Another important characteristic is the size of the norm group. Norms become more stable as sample size increases. What this means is that if we were to compare percentiles derived from many random samples from a population, the score associated with each percentile will vary somewhat across samples. That variability tends to be smaller near the middle of the percentile range (25^{th} – 75^{th} percentile) compared to the tails of the range (1^{st} – 10^{th} and 90^{th} – 99^{th} percentile). This effect can be easily seen through differences in local norms for a given grade across years.

Importantly, sample size does not ensure accuracy. Accuracy refers to how closely the norms match the true population values that would be obtained if they were based on the scores from all U.S. students. To demonstrate the role of demographic match and sample size on accuracy and stability we simulated score distributions that closely match the words per minute (wpm) oral reading rates in Grade 2 on CBMreading for two conditions: sample size (500, 1,000, 2,000, 5,000, 7,000, 10,000) and SES (matched to U.S. and higher than U.S.).

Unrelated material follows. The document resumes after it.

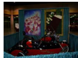
Santa-America Motorcycle and sidecar
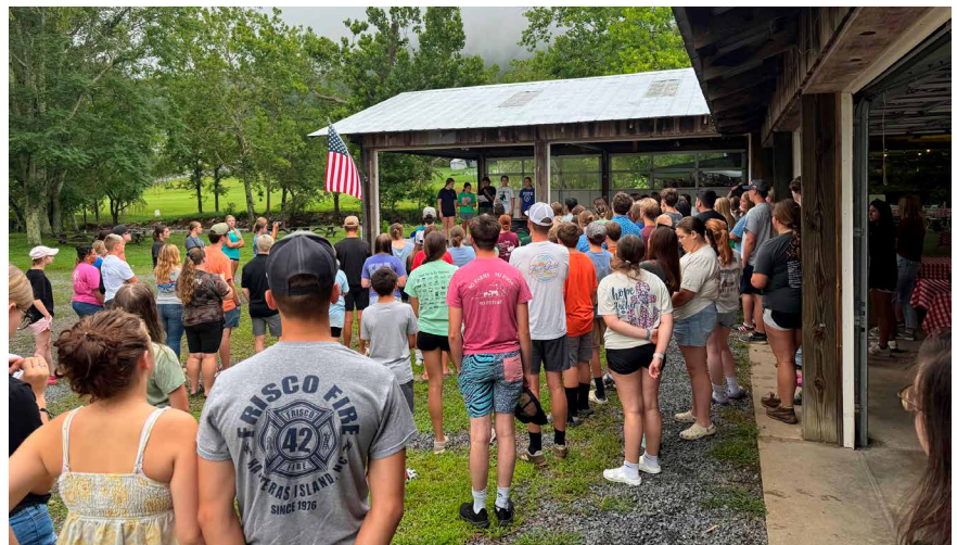
Before breakfast every day, a group of campers would volunteer to assist in the Raising of the Flag ceremony, where they would each read a paragraph about the history of our nation to start the day off strong.

The results are displayed in the figure below. The horizontal lines represent the wpm score associated with the 40^{th} national percentile (some risk cut score). The orange line is the High SES sample and the teal line is the Matched SES sample. Because the teal line is matched to the population, it also represents the true score. For the High SES group, we simulated an effect size bias equivalent to one-tenth of a standard deviation, which is a very small effect. The vertical lines represent the amount of variation in the score associated with the 40^{th} percentile across samples. The longer the vertical line, the more variation and less stability.

Note that the vertical lines are very small with all samples. At 5,000 the instability is equivalent to only one word per minute! This is a negligible effect. Additionally, the worst-case scenario for the Matched SES group, which is the top or bottom of the vertical line at each point, is always better than the best-case scenario in the High SES group.

Two conclusions can be drawn from this simulation. First, a norm sample of 5,000 is sufficient to generate highly stable results. Second, demographic matching can be more important than sample size for samples as small as 500.

**Relationship Between Percentiles and Ability**

A third property of percentiles that is important to consider when comparing performance across students or comparing the prior FAST norms to the new demographically matched national norms is the *nonlinear* relationship between percentiles and ability. The blue curve in the figure below shows the relationship between percentiles (vertical axis) and CBMreading wpm scores. The curve is S-shaped and not linear. What this means is that for a given difference in ability (e.g., 10 wpm) the difference in the percentile varies depending on the position in the percentile range.

The dashed lines represent a 10-point difference in wpm. For oral reading rates a 10-point difference is nearly trivial and in fact, it corresponds to the amount of random error present in each student’s score. Thus, a 10-point difference may be no more than random error.

A score of 100 wpm corresponds to the 39^{th} percentile and a score of 110 corresponds to the 49^{th} percentile — a 10 percentile point difference! Whereas the difference between a score of 30 wpm and 40 wpm represent just a two-point percentile difference.

When comparing the new demographically matched FAST norms to the prior national norms, the differences in ability levels for a given percentile are generally small. For CBMreading, Grades 2 – 6, the score differences across the some-risk segment are all less than 10 wpm, while in the high-risk segment the score differences range from seven to 14 wpm. A similar pattern occurs with other FAST assessments. Although these differences are real and will generally result in a smaller percentage of students flagged as at-risk, they should be interpreted in light of the ability difference and not the number of percentile points. As demonstrated here, interpretation of the size of percentile differences depends on the point along the ability continuum the difference occurs.